Several legal experts have dismissed the lawsuit against Media Matters as a reach. The case is weak and seems to be a “bogus” attempt to stop criticism in a way that “flatly contradicts basic First Amendment principles,” Ted Boutrous, a First Amendment attorney, told CNN. He added that the lawsuit could backfire on X if Media Matters decided to seek internal information that could damage the social media company's reputation during the discovery phase. 

The case also has “fatal flaws,” including the fact that the company admits that the ads did actually appear next to extremist content, said Steve Vladeck, a law professor at the University of Texas and a CNN contributor. Regardless of how Media Matters discovered this, this concession could prove fatal for X. The lawsuit confirms that "the thing Media Matters was making a big deal about actually happened,” Vladeck said. “Most companies wouldn't want their ads running next to neo-Nazi content even once and wouldn't care about the exact percentage of users who were encountering such side-by-side placement.”

These retaliatory lawsuits "quite clearly are triggered not by an offense, but by Musk losing advertisers," Imran Ahmed, CEO of the Center for Countering Digital Hate (CCDH), another nonprofit watchdog group that X is also suing, told Wired. He worries that these types of lawsuits could have a “chilling effect” on organizations monitoring the platform.
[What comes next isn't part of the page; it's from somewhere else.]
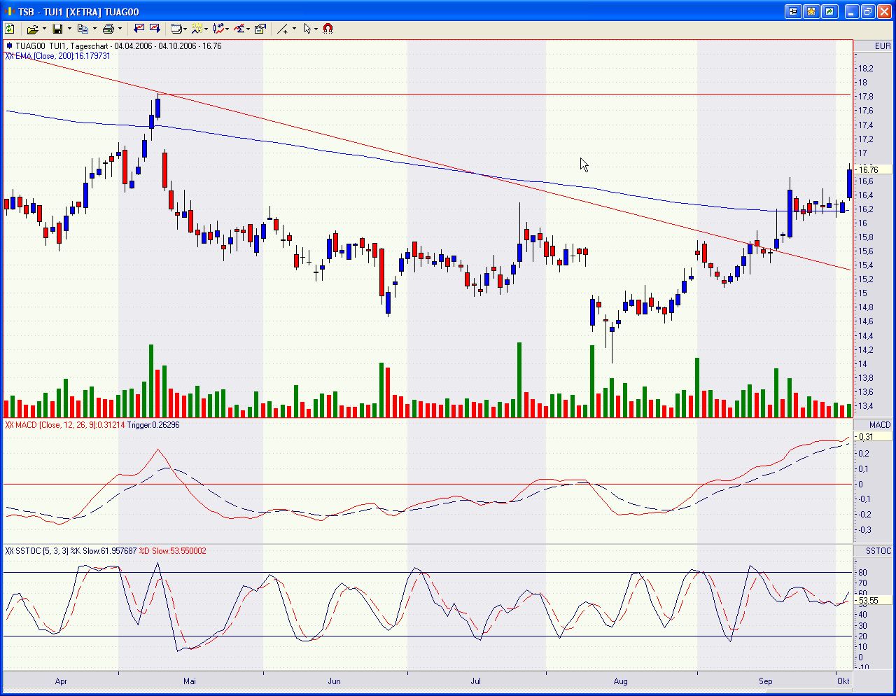 Darauf erkennt man den Break des im Juli 2005 bei knapp 23,-EURO eingeläuteten Abwärtstrends. Gleichzeitig erfolgte der Break der 100-Tage-Linie; seit heute

Ultimately, choosing to fight nonprofits could backfire on Musk, and people must understand that "this is a man that you're doing business with," he added, "and that if you advertise on that platform, you're essentially endorsing the behavior.”

Republicans' defense of Musk is more ominous than it seems

Even though legal experts dismiss the case as an "effort to bully a prominent critic into silence," some lawmakers on the right "apparently see this as a feature, not a bug," Greg Sargent wrote for The Washington Post. "They are allying themselves with Musk's effort for precisely this purpose." Republican's rapid defense of Musk "takes on an uglier cast" when you consider that Musk's recent comments likely played a significant role in advertisers leaving the platform despite targeting Media Matters as the sole reason, Greg Sargent added. The tech mogul's recent controversy over the apparent endorsement of antisemitic rhetoric is being dismissed as a conspiracy theory, "but it's more than that," Sargent opined. It is part of a pattern of behavior that "reflects an ideological turn among certain tech oligarchs" that "aims to place vast technological prowess at the service of reactionary and authoritarian politics," he noted. 

Therefore, when GOP lawmakers promise to lob state power against Musk critics, "they aren't merely promising to shield this billionaire's business interests from his own expressions of antisemitism." They are also using their power "to corruptly protect someone who is marshaling his immense power over our information ecosystem to privilege and elevate that worldview."